A third transfer in 1992 took him to Nelson where he captained 3rd division Nelson Bays. In his first year with the side, Henderson led the team through a record unbeaten season to win the 3rd Division National Provincial Championship (NPC) and promotion to the second division. It also earned him the Supporters' Club Player of the Season award.

Henderson also captained both the New Zealand Army rugby team and the NZ Combined Services team, touring the UK twice with the NZ Combined Services and returning home undefeated.

In 1986, Brian Lachore's panel selected Henderson for an All Black trial but a knee injury robbed him of the opportunity and he underwent surgery a month before the trial.

As a rugby sevens players, Henderson represented Manawatu (1983–87) and Canterbury (1988–89) with Canterbury coming second in the National Finals under Wayne Smith.

==Coaching career==
Henderson, as Head Coach, was involved in Canterbury age grade rugby in a coaching partnership with backs coach and former Canterbury fly half Greg Coffey. In 1999, in partnership with former All Black Craig Green, Henderson coached the Canterbury Crusaders U21 side to victory in the inaugural Super 12 U21 competition. He reconnected with Greg Coffey in 2000 to draw the competition and to finish second the following year.

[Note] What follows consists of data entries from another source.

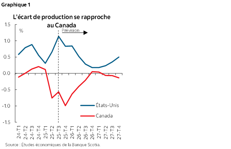 - La croissance diverge : En supposant qu’aucun de ces risques ne se matérialisera pour produire des effets considérables, la tendance laisse dans l’ensemble entrevoir à l’horizon un ralentissement de la croissance américaine. Au Canada par contre, la croissance devrait s’accélérer en 2027. Dans l’économie américaine, la demande devrait rester excédentaire, alors qu’au Canada, l’offre excédentaire devrait s’amoindrir (graphique 1).
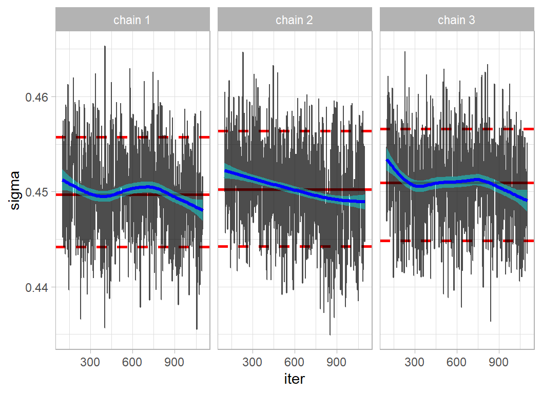 My function reportBART() summarises the results of a chain. The function’s code is given in the accompanying methods post.
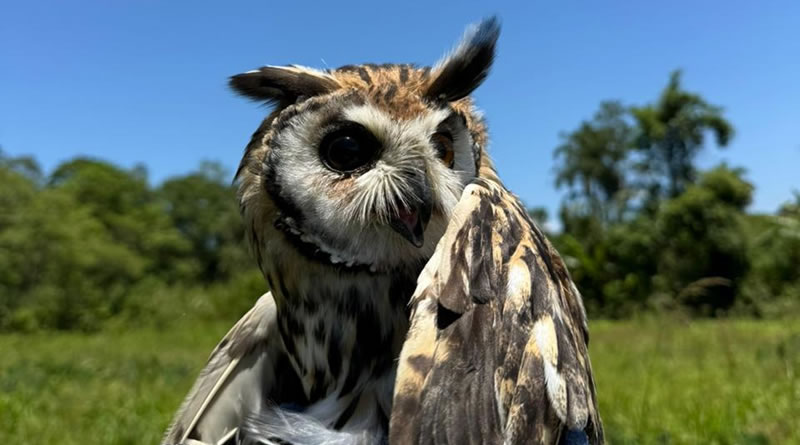 Durante operação em área de lazer náutico, realizada pelo Grupamento Ambiental de Guarujá (GDA) da Guarda Municipal (GCM), no último sábado (15), a equipe recebeu de um munícipe uma coruja-orelhuda, da espécie Asio clamator, que se chocou contra uma vidraça.
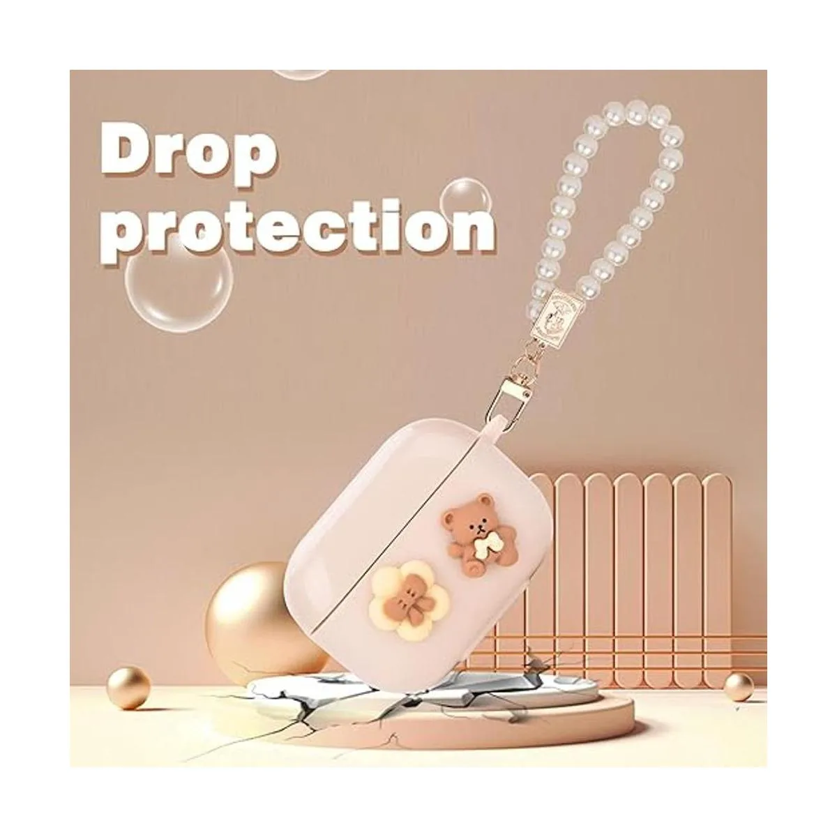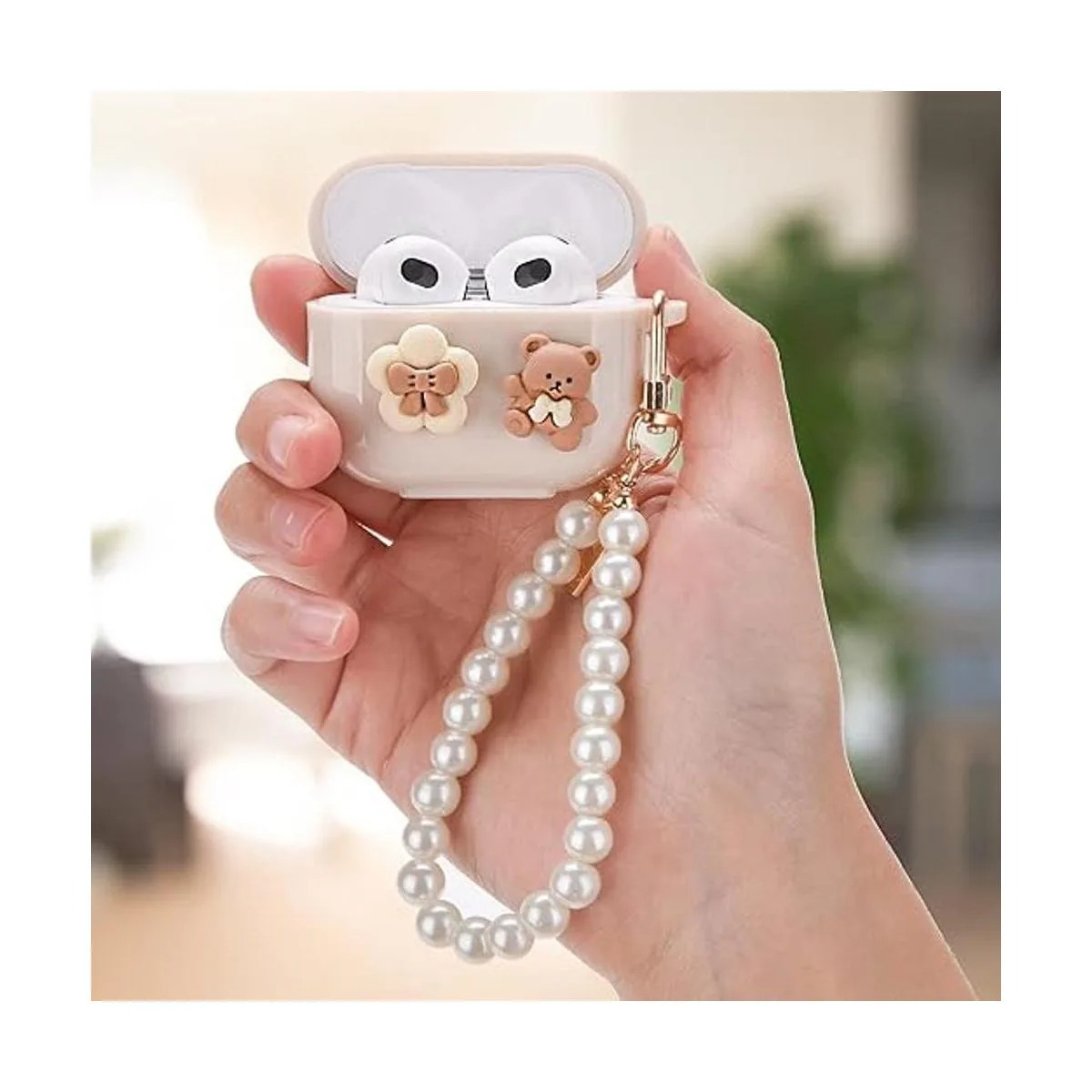 Mainrenka Linda funda Kawaii AirPod de 3 generación para mujeres y niñas, funda estética AirPods 3 2021 con llavero de perlas
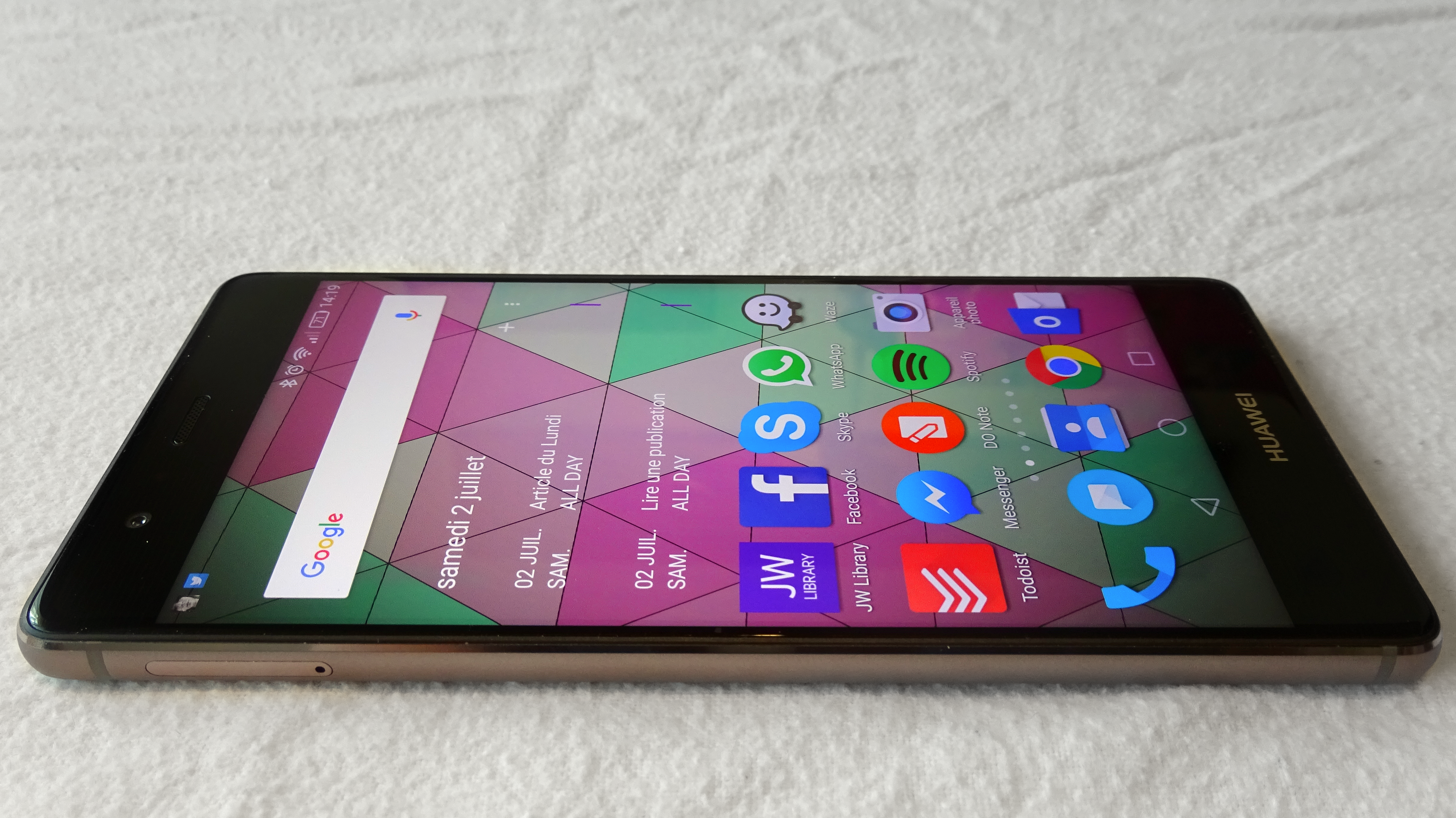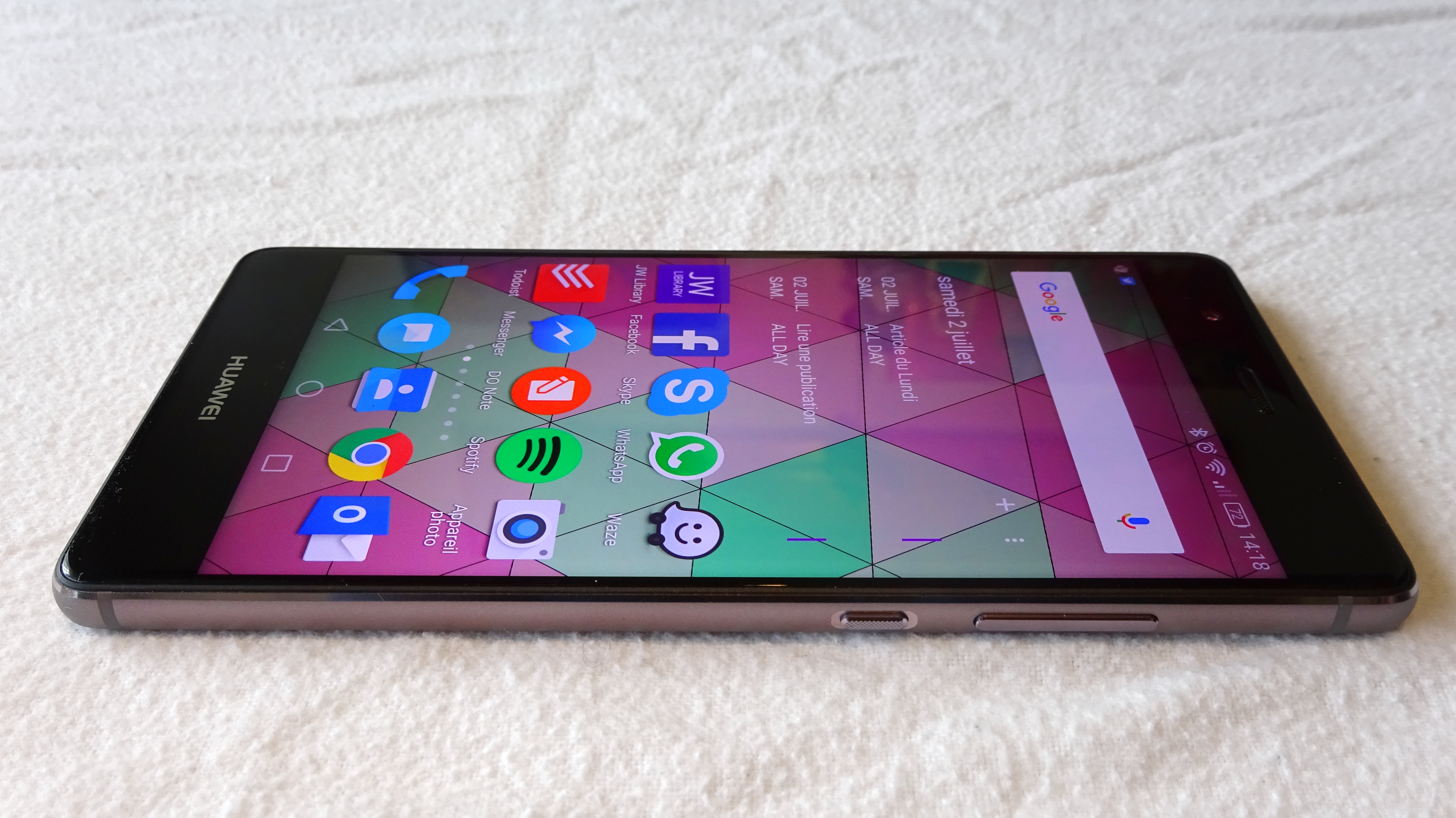 La définition de l’écran est, je le répète, amplement suffisante. La définition FullHD sert bien un écran très saturé qui flatte bien la rétine. Les couleurs sont vraiment agréables et les angles de vision, technologie IPS oblige, sont très importants. Aucune surprise ici : c’était déjà le cas sur le P8 Lite mais le fabricant livre un sans faute sur ce Huawei P9.
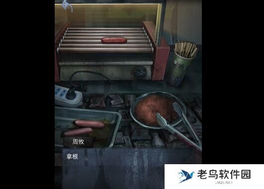 7、用集装箱刀来打开黏住的纸盒获得一炷香。然后再回到一开始的地方拿烤肠会被竹签扎破手。
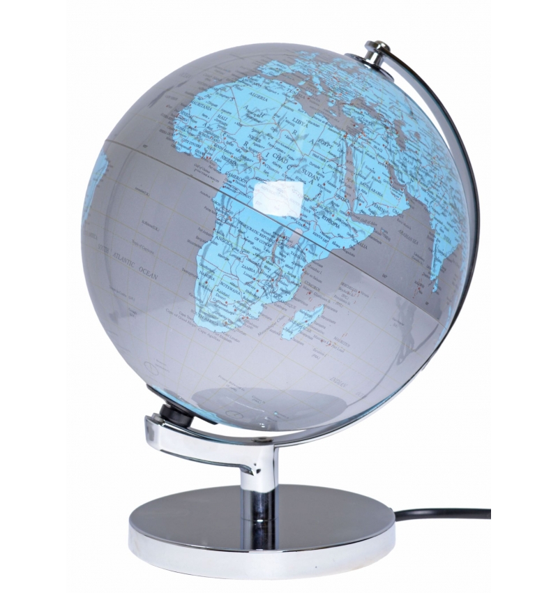 Globus podświetlany to świetny pomysł na lampkę na biurku lub szafce - wieczorową porą po włączeniu stworzy delikatną poświatę na globusie. Kabel czarny długości ok 1m.
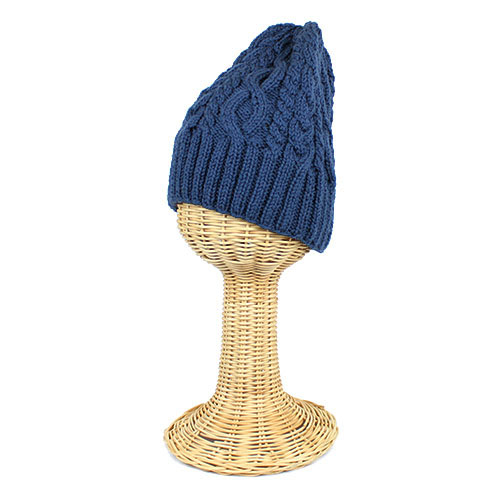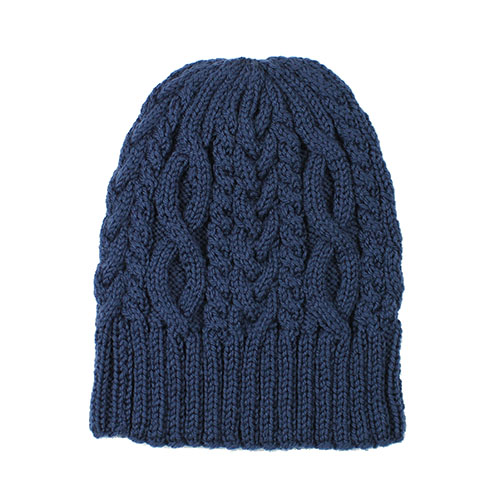 帽子ひとつでブリティッシュスタイルを演出できるアラン模様はコントラストの強いシックな色で、柄を際立たせて。
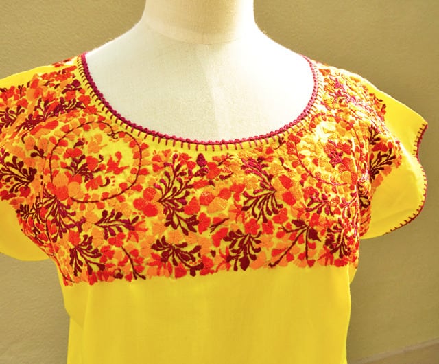 旅行雑誌フィガロ・ヴォヤージュにも掲載された、メキシコ オアハカ州 San Antonino(サン・アントニーノ)の刺繍ブラウスです。
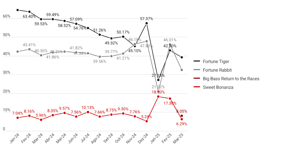 A análise histórica dos dados reforça essa diferença. Durante todo o ano de 2024, títulos como Fortune Tiger e Fortune Rabbit mantiveram índices de atividade consistentemente acima de 39%, enquanto clássicos como Big Bass Return to the Races e Sweet Bonanza oscilaram entre 5% e 10%. Mesmo em janeiro, quando a popularidade dos clássicos subiu, ao passo que os novos jogos tiveram uma queda notória, a distância entre eles permaneceu expressiva.

Henderson left New Zealand in 2001 to commence his professional coaching career with Sanyo Rugby in Japan and was instrumental in founding a feeder relationship between Sanyo and top rugby University Kanto Gakuin (KGU), as well as facilitating a commercial alliance between Sanyo and the Canterbury Rugby Union. Henderson was with Sanyo as Head Coach for 3 years, moving to KGU and Kurita for a further year before returning to New Zealand at the end of 2005.

In 2006, Henderson was Head Coach for Tasman Makos B team while at the same time operating as Technical Coach and video analyst for the Tasman A team.

However, the northern hemisphere called and he headed to Coventry Rugby Club in January 2007, helping them to avoid relegation, before contracting as Head Coach the following season.

In 2008, Henderson accepted the role of Specialist Forward coach for the Portugal National Rugby Federation. At the completion of that 2-year contract he left Portugal to take up the Head Coach position with the Oxford University Blues in September 2010 and also consults for the RFU to deliver specialist coaching seminars to coaches and teams within the UK. Henderson's last stint overseas was in Japan again, where he coached Honda Rugby Football club for three seasons.

==Notable family members==
Murray Henderson comes from a competitive sporting family. His uncle Wally Coe was a New Zealand Welterweight boxer who won a gold medal at the 1962 British Empire and Commonwealth Games.

Great uncle Dick Dunn was also a keen sportsman who played 52 consecutive seasons of senior cricket and rose to coach the New Zealand women's cricket team. Boxing was also a passion and Dunn established boxing gyms training children off the street as well as notable champions such as Commonwealth gold medallists Wally Coe and Frank Creagh.

His daughter Cassie Henderson is a pop singer-songwriter.